These “shipwrecked”
individuals are given places to sleep for a few nights and experience the
island’s unique freedom, take part in bizarre rituals and social gatherings. Ed
has an exhausting and almost unwanted sexual awakening, taking young women into
his bed and listening to their stories. Over the long summer, the island fills
up with more and more visitors, official and unofficial. Yet as the radio in
the kitchen gradually reveals, there are now other ways to leave the country;
it is 1989 and the East German state is leeching around the edges.
The island
setting makes for great reading, aside from its structural role as a microcosm
of society (with the church, the bars, the army, the Stasi, etc.). There’s the
tangible temporary utopia of summer holidays, followed by the forlorn
atmosphere of an empty seaside resort in autumn. Seiler also gives us a lot of
loving detail about how the Klausner is run, even down to the finer points of
the washing up process. He describes all the people who work there minutely –
the crew of the ship, as he often puts it – detailing their strange tics and
their roles in the team, their favourite drinks, in some cases the way they
smell. We feel Ed's and Kruso's, while all this close description makes the
atmosphere overwhelmingly powerful and moving, and can make the reading quite
gruelling at times.
Things come
to an initial climax on the “Day of the Island”, when all the seasonal staff
have a day off at the same time and stage a football tournament and a beach
party. The border guards mount a show of strength, Kruso is arrested, and Ed is
beaten to a pulp by a despised colleague. After that, nothing is the same. The
seasonal staff who gave the island its sense of freedom begin to disappear,
many of them travelling to Hungary and from there to the West.
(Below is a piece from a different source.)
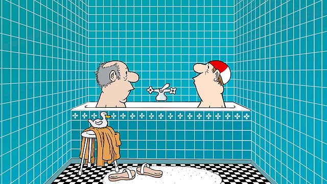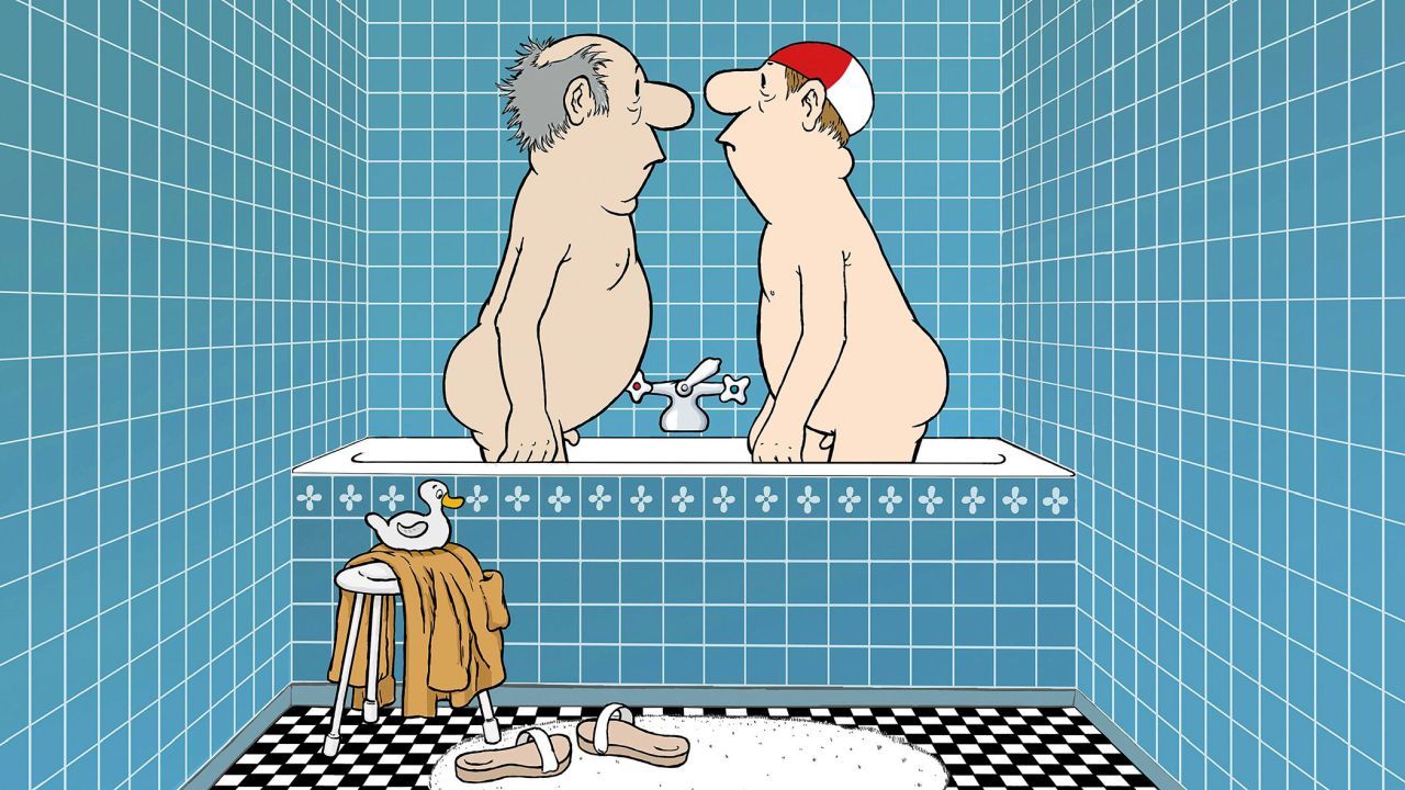 Die „Herren im Bad“ gehören nicht nur zu Loriots besten und bekanntesten Sketchen – sondern stehen mit an der Spitze der gesamten deutschen Humorgeschichte!

No more shipwrecked
runaways turn up to the rituals and the Klausener empties of both staff and
visitors as autumn draws in.
Eventually,
only Ed and Kruso are left, bound to each other by their friendship and trying
to keep the restaurant running on a shoestring. Drinking more than ever, they
both lose their grip on reality and when Kruso too disappears, Ed is desperate. Things come to a head and then to a sudden and nightmarish ending.
In an
epilogue, Seiler switches to a first-person narrator (Edgar Bendler), who
tells the story of how he tries to find Sonja after learning in 1993 that
Kruso had died. We find out that there are an estimated fifteen unidentified
corpses that washed up on the Danish coast between 1961 and 1989, presumed to
be East German refugees who drowned trying to swim across the Baltic. Twenty
years on, the narrator finally tracks down the records.
Kruso is a
highly literary novel, and yet very moving as well. It contains a great many
literary references, above all to Defoe’s Robinson
Crusoe. Ed is perfectly aware that he’s Kruso’s Friday, his loyal
assistant, and their relationship is one of the key aspects of the book – a
close and at times latently homoerotic friendship between two men, one of whom
is very much the leader and the other the follower. The novel also contains a
lot of poetry, especially by the expressionist Georg Trakl, perhaps because of
his presumed incestuous love for his sister. Seiler is extremely well respected
as a poet, and his precision makes his descriptions shine. He writes about
nature on the island, but also about stomach-churning details such as the mass
of grease and hair that gathers below the plugs in the kitchen sinks, which
Kruso buries beneath his herb garden in one of his obscure rituals – one of
several key scenes in which the two main characters bond, naked.
This loaded
style makes the book a slow read but a rewarding one. Seiler builds tension
incredibly well as his characters drift further and further away from sanity,
tying in with the political developments. The novel is too complex to be taken
as a straightforward allegory for the breakdown of the GDR. But it does capture
the mood in East Germany’s young dropout subcultures, namedropping the drinks
and the music and the fashions of the time in among its many layers of detail.
At the same time, much of the action is dreamlike, with Ed sharing his thoughts
with a decaying fox cadaver or recalling snatches of drunken evenings.